More room for you and more room for me

You just know it’s going to be a good day when you wake up to find that no North Korean nuclear warheads cobbled together from a radium-dial Timex, bits of this and that ordered online from RadioShack, and an old Estes model rocket kit have burrowed into the front lawn, hissing and popping like one of your old Led Zep’ LPs.

Still, it’s early yet. Grampa’s birthday isn’t until Monday.

And you just know that fingers attached to irritated politicos worldwide are tapping nervously near big red buttons. It must be an awful temptation.

“Seriously, will anyone miss the little fucker? Huh? Whaddaya think? Let’s drop the big one and see what happens.”

Another storm a-brewing

Patrick O’Brien notes in comments that Team Sho-Air-Cannondale plans to race Arizona’s Whisky Off-Road despite the threat of fines or suspensions for any UCI-licensed riders who dare take part in events that lack the blessing of that august body and its enforcers at USA Cycling.
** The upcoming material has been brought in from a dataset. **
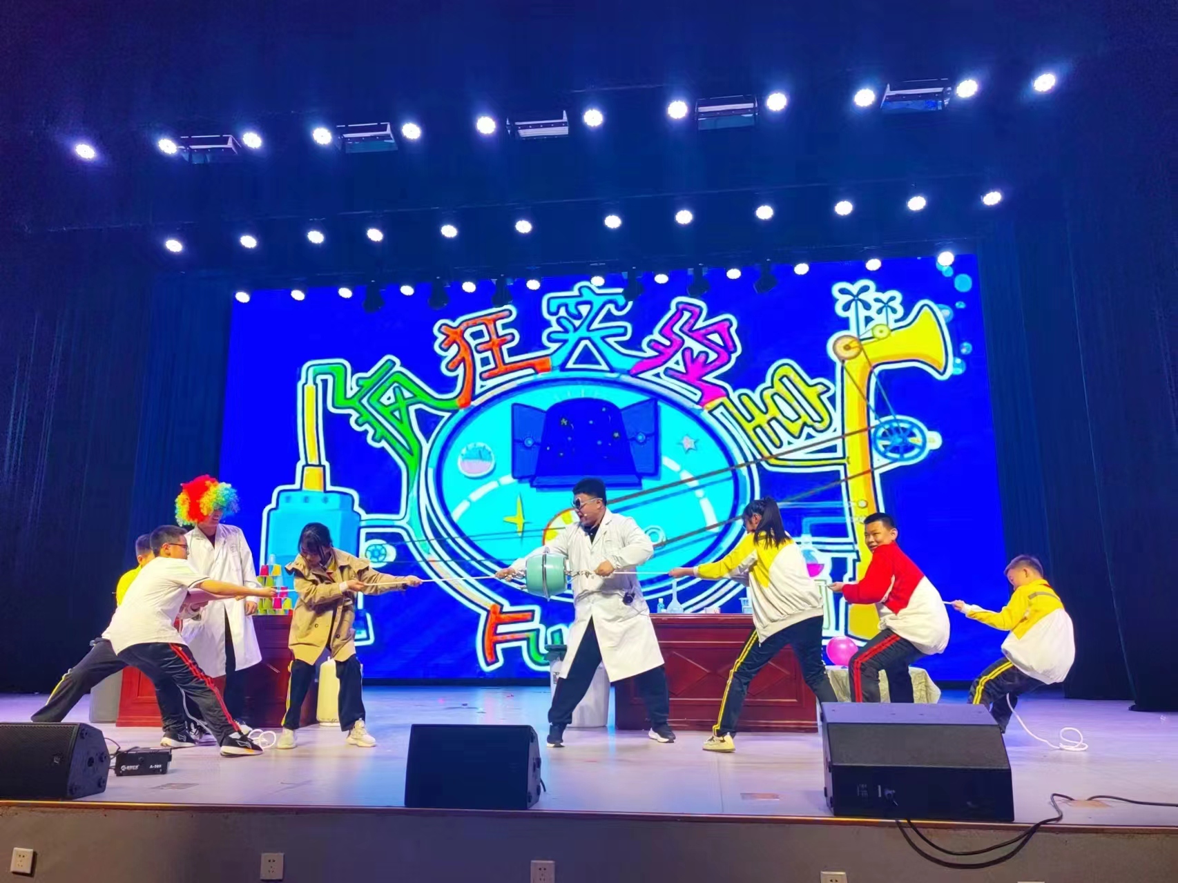 市科技馆科学表演秀走进了通辽新城第一中学,科技辅导员化身“蓬头”博士、“垢面”博士为同学们带来了精彩的科学表演秀--《疯狂实验室》,为同学们表演了意念气球、液氮大爆炸、马德堡半球、大象牙膏、空气炮等科学实验,活动现场还邀请了同学们参与实验,并为他们讲解了科学原理和生活中的应用。在科学表演秀的魔法课堂里,科技辅导员神奇的科学实验、生动的表演与同学们的积极配合使现场氛围活泼又有趣,同学们在参与中获得了科学知识。

Good on Sho-Air president Scott Tedro and his team for having a go here. The issue has been simmering for quite a while now, even getting the attention of the mainstream media, and I’m curious to see whether more licensees will join Sho-Air in taking a stand.

UCI and USAC are spreading the usual fertilizer about growing the sport and professional standards, hinting none too suavely that anyone racing an unsanctioned event is practically begging to get flogged by dopers or hung out to dry by substandard insurance.

But it smells like the same old monopolistic, might-makes-right, fuck-you-we’re-in-charge-here bullshit that led to the American Cycling Association, the Oregon Bicycle Racing Association and other groups going their own way back in the day.

I don’t personally have a dog in this fight. My last race was 10 years ago, when the ACA was still the Rebellion to USA Cycling’s Empire. Today it’s once again a client state of the Empire, reclaiming its old name of the Bicycle Racing Association of Colorado, and I have no interest in repatriating in order to spend my weekends getting shelled at parking-lot crits in Denver while USAC and the UCI pass the time hunting new ways to piss off everyone in the sport.

That said, I’m happy to see someone with skin in the game taking a stand against this ridiculous rule. If unsanctioned events pose any threat at all it’s to the governing bodies’ bottom lines. They claim to be offering a superior product. Fine. Let them prove it in the marketplace instead with the rulebook.

Storm of the century!

Snowpocalypse
I’ve seen bigger blizzards at Dairy Queen.

Or not.

A meteorologist must feel kinship with the Denver Broncos on a day like today. First, the big buildup — and then, the even bigger letdown.

We’ve not given up hope for a little moisture, mind you. The National Weather Service is still predicting snow showers, but the dumper has been dialed back to a dribble. And if this wind keeps up it will all end up in northeastern New Mexico anyway.

Naturally, the schools are all closed. Small wonder the nation’s supply of idiots is constantly on the rise.

When I was a sprout they wouldn’t close the schools if they were on fire and full of serial killers. And we had to walk to school, uphill both ways, in the snow. Real snow! Not this global-warming shit that looks like a drunk redneck took half a can of white Krylon to his plastic Christmas tree.

Blow, winds, and crack your cheeks!

Hey, bud!
Hey, bud!

It’s probably a good thing I snapped a pic of our apricot tree this afternoon, when it was still a balmy 60-something and sunny.

Shortly thereafter sprang up from the north a blossom-shredding, sandblasting wind that would have done credit to “Lawrence of Arabia.” I ventured into it, briefly, to take out the trash, and spent the next half hour scouring Wyoming’s topsoil from my nostrils using a melon baller.

Next up is the rain, with snow on deck. Tomorrow should be about 40 degrees less enchanting than today, which is probably just as well, as I have journalism to do and being confined to quarters serves marvelously to sharpen one’s focus on the task at hand.